TOKYO (AP) — Asian shares are mixed after a short-lived armed rebellion in Russia added to uncertainties over the war in Ukraine.
Benchmarks rose in Hong Kong, Tokyo and Seoul and fell in Shanghai and Sydney. U.S. futures rose and oil prices were little changed.
The rebellion by mercenary soldiers who briefly took over a Russian military headquarters on an ominous march toward Moscow was over. But the brief weakened President Vladimir Putin just as his forces were facing a fierce counteroffensive in Ukraine.
Yevgeny Prigozhin and his Wagner troops were some of Russia’s most effective fighters in Ukraine. Their aborted takeover of the capital also left their fate uncertain.
Japan's benchmark Nikkei 225 recouped early losses, gaining 0.2% to 32,846.24. South Korea's Kospi rose 0.5% to 2,581.83. Hong Kong's Hang Seng was up 0.1% to 18,898.51, while the Shanghai Composite, reopening after a holiday, dropped 0.7% to 3,173.37.
Australia’s S&P/ASX 200 lost 0.4% to 7,070.30
Wall Street marked its first losing week in the last six Friday. The S&P 500 fell 0.8% to 4,348.33, pulling back further from last week when it reached its highest level in more than a year. The Dow Jones Industrial Average dropped 0.6% to 33,727.43 and the Nasdaq composite sank 1% to 13,492.52.
“We have a slowing U.S. economy, a slowing global economy, all with on-going extreme inflation and high and going higher interest rate levels. There is no bullish stock market scenario here,” said Clifford Bennett, chief economist at ACY Securities.
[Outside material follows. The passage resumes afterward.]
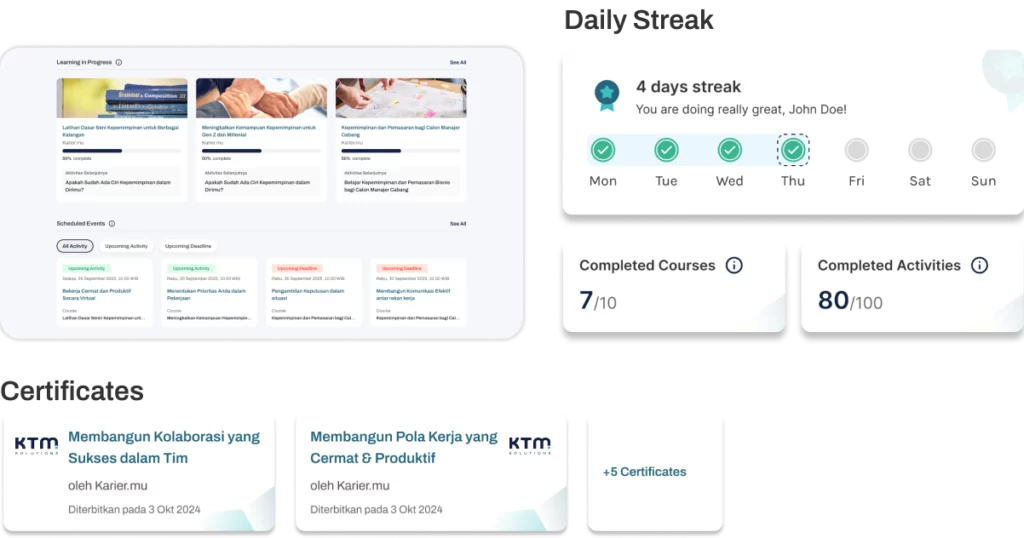 Track development in real time with intuitive dashboards that consolidate progress across teams. Interactive reports give leaders clear visibility, while digital certificates provide employees and the organization with tangible proof of achievement.
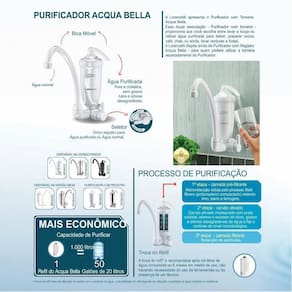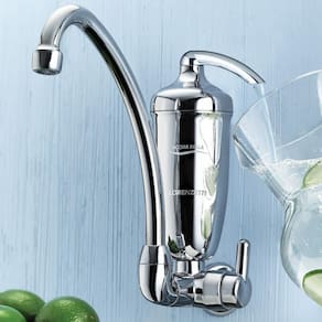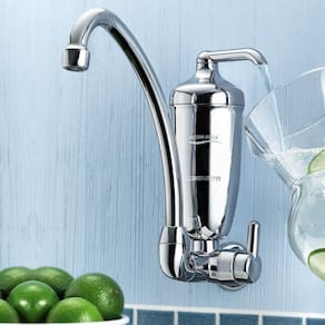 Purificador de água com torneira Lorenzetti cromado para instalação na parede, ideal para beber, preparar alimentos e lavar frutas/verduras.Função retrolavagem

High interest rates in the United States have already dragged manufacturing and other industries into contraction, while also helping to cause several failures in the banking system that rattled confidence. Federal Reserve Chair Jerome Powell said last week that even though his central bank didn’t raise rates last week, it could still push through a couple more hikes by the end of this year.
A preliminary report last week indicated the overall U.S. economy continues to grow, even though manufacturing is shrinking and its output fell to a five-month low.
In energy trading, benchmark U.S. crude gained 2 cents to $69.18 per barrel in electronic trading on the New York Mercantile Exchange. It fell 35 cents to $69.16 Friday. Brent crude, the international standard, added 33 cents to $74.18 a barrel.
In currency trading, the U.S. dollar fell to 143.40 Japanese yen from 143.58 yen. The euro cost $1.0909, inching up from $1.0903.
In the bond market, the yield on the 10-year Treasury fell Friday to 3.73% from 3.79% late Thursday.